01 January 2011

Expect the Great!!

Last year was a very difficult year for me.  I battle with emotions and feelings that I have never felt before.  For the first time in my life I even contemplated suicide.  My outlook on life had become so grim that I could no longer see a reason to continue.  I wanted to give up and just leave everything and everyone that counted on me.  My children, my family, my friends, my life.  I can honestly say that although I doubted Him so much over the past year, God kept me.  Without Him, I would not be here today.  Life is such a topsy turvy mystery.  And you will never truly know what's will happen from one day tot he next, but if you hold on and stay stronger, you can make it.

This next year, I am expecting great things to happen.  I am expecting to overcome some struggles that I have been dealing with most of my life.   I am expecting to prosper in areas that I long stopped believing that I could prosper in.  I am expecting to grow exponentially further that I ever have.  I am expecting that every encounter and relationship I have will further propel me forward into the great that is planned for me.  I am expecting fear to no longer be the force that drives my every decision.  But most importantly, I am expecting God to continue to prove Himself to me and be my source.

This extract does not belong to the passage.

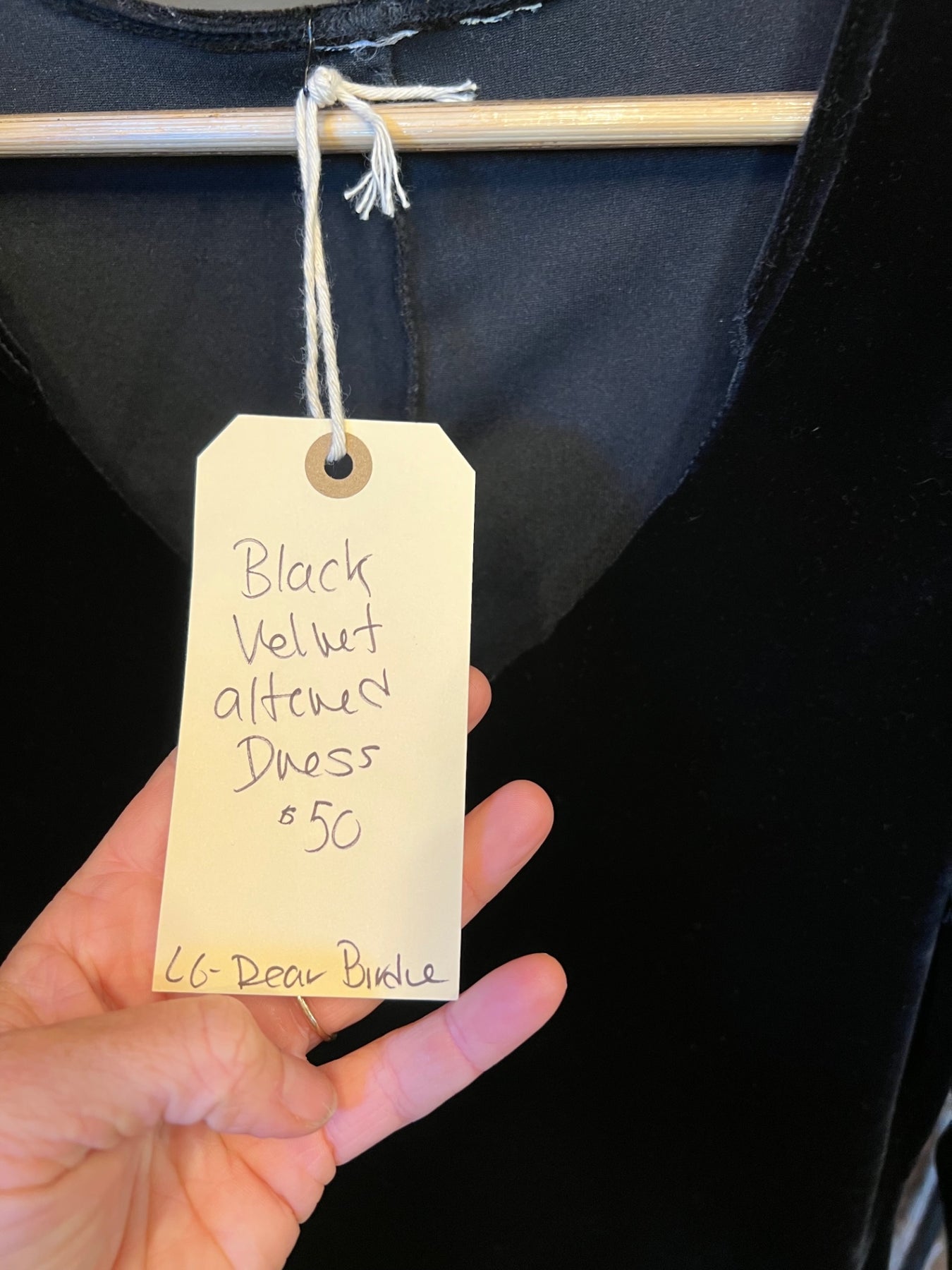 This vintage-inspired black velvet dress exudes timeless elegance with its sleek silhouette. Fringed details along the shoulders add a touch of boho charm, perfect for making a statement at any evening event. The deep V-neckline enhances its sophisticated vibe, making it a versatile piece for cocktail parties or upscale gatherings. Crafted from rich velvet, it offers a luxurious feel and look. Ideal for those who love classic style with a hint of retro flair.

I stopped making New Year's resolution a long time ago because I realize that I can't resolve to do anything that I can't expect to happen.  Why resolve to lose weight, when I don't expect to gain any?  Why resolve to live a healthy lifestyle, when I don't expect to get sick?  Why resolve to love more, when I don't expect to hate anyone?  In other words, I need to expect great things before I can resolve to accept them.  In this New Year, I will expect confidence, I will expect prosperity, and I will expect to be a blessing and be blessed.


What are you expecting this year?  Be Blessed!!